He was born in 1877 at Piketon, Ohio, a hamlet on the bank of the Scioto River some sixty miles due south of Columbus. An impetus to public service would seem to have been inborn. Of three brothers, one was a lifelong educator in Piqua; one became superintendent of the Canton District of the Methodist Church, and one served as superintendent of Ohio public schools.

H.C. Dieterich earned his bachelor’s and master’s degrees at The Ohio State University, then pursued further study at Teachers’ College of Columbia University in New York. After serving 16 years in school administration at Ashtabula, Ohio, he was appointed superintendent of schools in Bexley. Retired in 1942, he died two years later at his home on Plymouth Avenue in Bexley. His tenure is recalled with respect and appreciation by more than a generation of Bexley students.

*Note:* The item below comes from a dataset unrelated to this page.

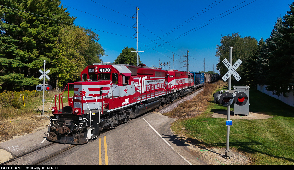| T6 takes a pull at Rotamer as the crew prepares to perform a bit of switching. WAMX 4170 and 4178, both SD40-2's, provide the power on this beautiful morning. |
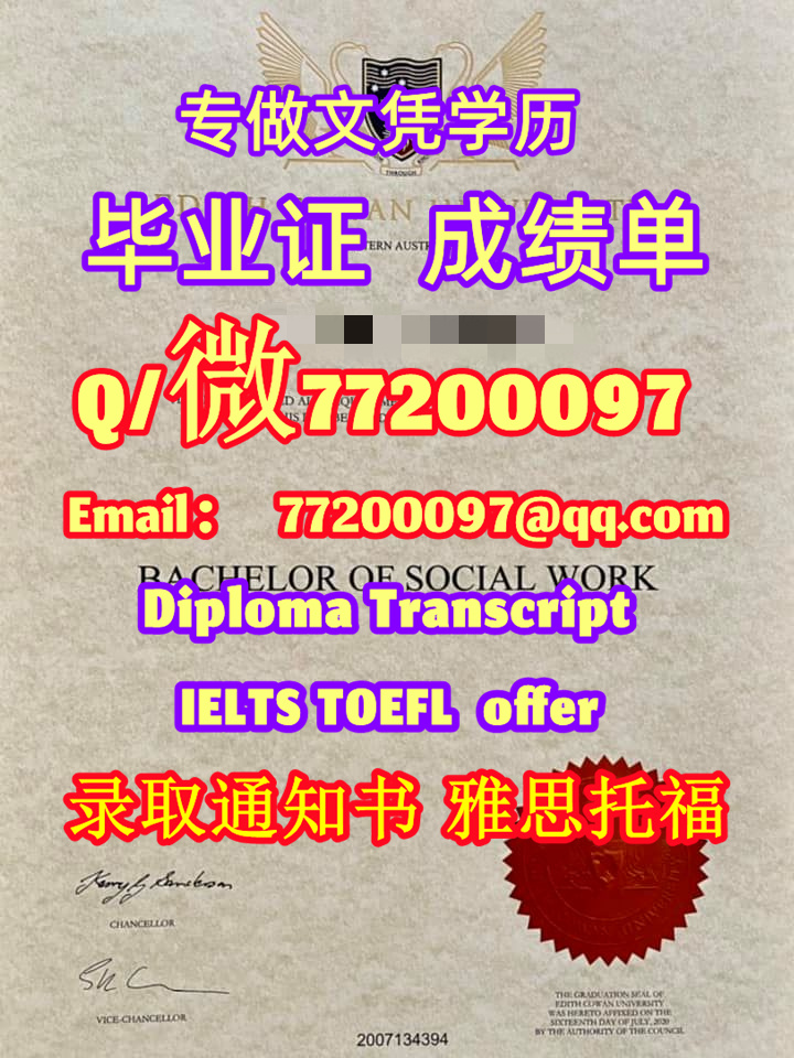 澳洲学历升级ECU毕业证书定制埃迪斯科文大学学位证书Q/微:77200097有ECU文凭证书精仿ECU学位证书能办ECU成绩单制作埃迪斯科文大学文凭证书offerEdith Cowan University Diploma Degree Transcript

A hands-on administrator, his custom was to make a regular circuit of all the classrooms in his charge at least once each semester. My childhood recollection is that his visit would be announced by our teachers several days in advance, usually in sepulchral tones as would befit the heralding of a Supreme Court justice or an Episcopal bishop. “Mr. Dieterich will pay us a visit!” This was our cue to show up on the appointed day with smiling faces, hair neatly combed, and shoes shined.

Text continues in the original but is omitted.